The U.S. Supreme Court rescinded 23 years ago a nationwide prohibition of the death penalty. The action freed each of the country's 50 states to decide for itself about executions. Since then, the states have executed more than 600 people convicted of crimes. The state of Texas alone has executed 217, three of them this week. More than one-third of those executed nationwide were blacks (35 percent), while blacks barely make up one-eighth (13 percent) of the total U.S. population.

Defenders of capital punishment most often speak of victims' rights -- the right, for example, of the bereaved family of a murder victim to know that the murderer has paid the ultimate price. Death penalty advocates say also that execution is the best deterrent, because a dead murderer cannot repeat the crime.

In the words of political scientist John McAdams of Marquette University: "If we execute murderers and there is in fact no deterrent effect, we have killed a bunch of murderers. If we fail to execute murderers, and doing so would in fact have deterred other murders, we have allowed the killing of a bunch of innocent victims. I would much rather risk the former."

But the director of the capital punishment project of the American Civil Liberties Union, or ACLU -- a civil-rights action group -- says the death penalty issue is complicated by questions of justice and fairness. Diann Rust-Tierney puts it this way:

"[Capital punishment] is not being applied now [in the U.S.] without regard to race, which violates our constitution. And at this point, there are so many problems with regard to even making sure we have the right person that that [that is, the uncertainty] fundamentally violates the rights of the individual."

U.S. capital-punishment abolitionists say that several developments indicate that the American public increasingly is uncomfortable with execution of criminals.

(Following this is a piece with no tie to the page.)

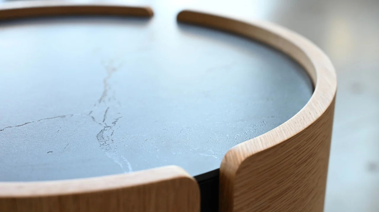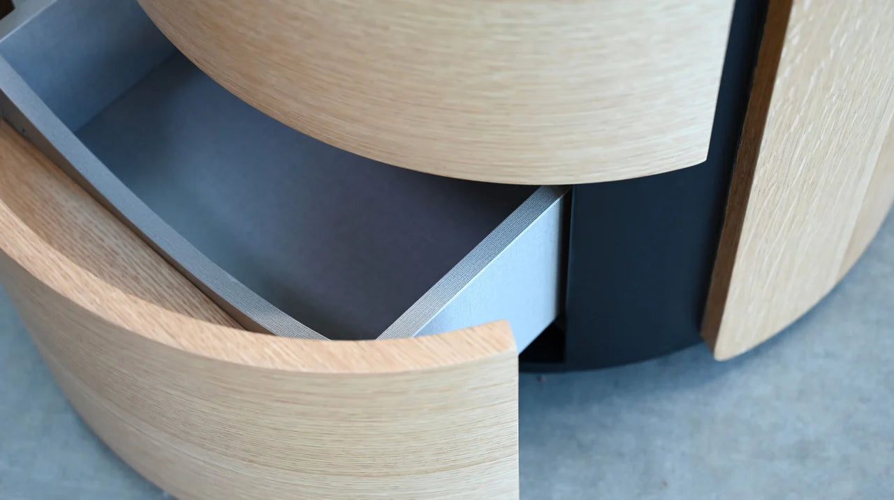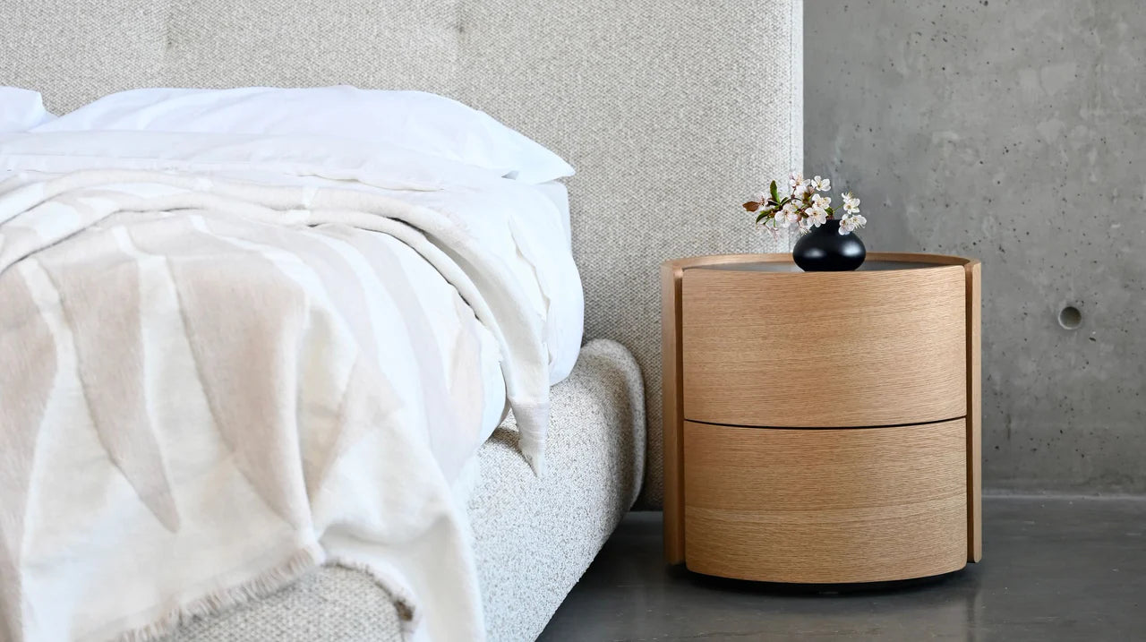 The Burrow Nightstand offers a minimal and clutter-free design. Featuring two drawers that provide ample bedside storage while maintaining a sleek appearance, its circular shape enhances the sense of space in smaller bedrooms, and the durable sinterstone top is available in white oak with black sinterstone or matte white with white sinterstone, adding both style and practicality.
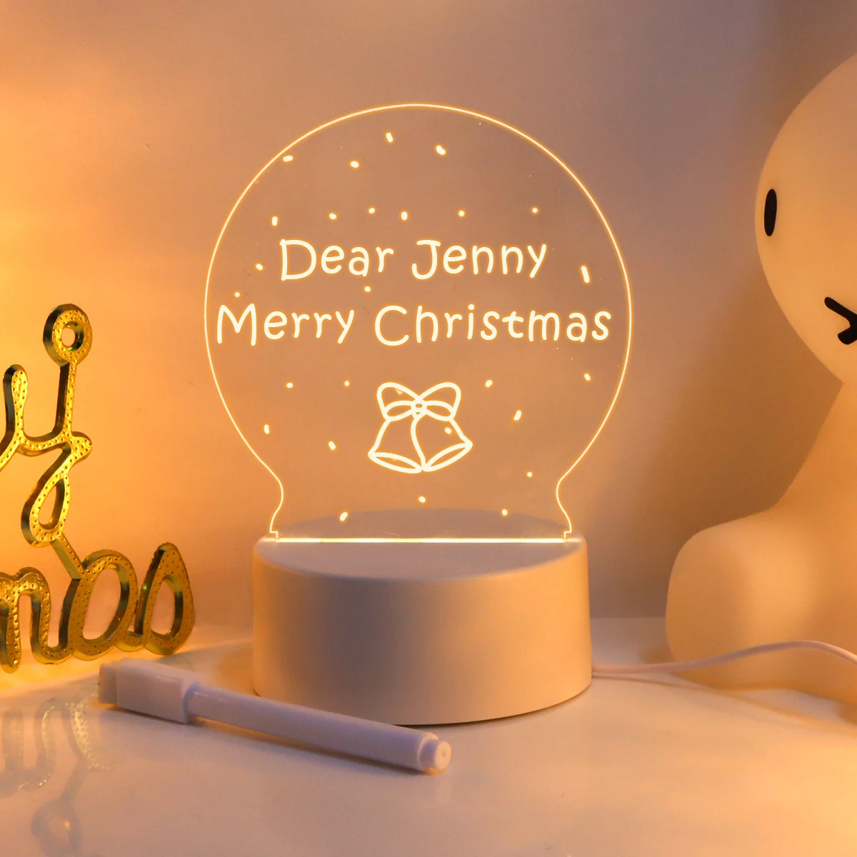 Make every message shine with this USB LED Message Board Night Light, a charming and practical addition to any room. Perfect for jotting down notes, sharing thoughts, or even crafting heartfelt messages, this unique night light combines creativity with function. Designed with transparent acrylic and equipped with warm LED lighting, it creates an inviting atmosphere while serving as an eye-catching decorative piece. Ideal for kids’ rooms, cozy bedroom setups, or as a romantic gesture, this versatile light brings personality and warmth wherever it’s placed.

Recent U.S. polls show that more than 60 percent of U.S. citizens favor the death penalty in major crimes. Advocates of its abolition call this a favorable indicator because the percentage is lower than in previous years.

In the U.S. state of Illinois, Governor George Ryan recently suspended the death sentence, saying he will not reinstate it until provided with 100-percent guarantees that no innocent person will be executed. Authorities in the high-execution states of Texas, Virginia, Arizona, and Missouri say they are having trouble finding disinterested citizens that the law requires to be witnesses at executions.

The state of New Hampshire's legislature voted earlier this year to abolish the death penalty. But this week, New Hampshire Governor Jeanne Shaheen vetoed the abolitionist bill -- even though in recent years her state has not carried out any executions.

The ACLU's Rust-Tierney says the U.S. trend is toward ultimate abolition:

"I think the public's view of the death penalty is changing. I think that the courts in this instance are likely to follow the public. And I think that the public ultimately -- when they come to see how this thing works -- will reject it."

Three-quarters-of-a-century ago (1924), perhaps the most famous defense lawyer in U. S. history, Clarence Darrow, made an eloquent and oft-cited plea for mercy for two young murderers. Darrow told the court:

"Your Honor stands between the past and the future. You may hang these boys; you may hang them by the neck until they are dead. But in doing it, you will turn your face toward the past. I am pleading for the future," Darrow went on. "I am pleading for a time when hatred and cruelty will not control the hearts of men. [A time] when we can learn by reason and judgment and understanding and faith that all life is worth saving, and that mercy is the highest attribute of man."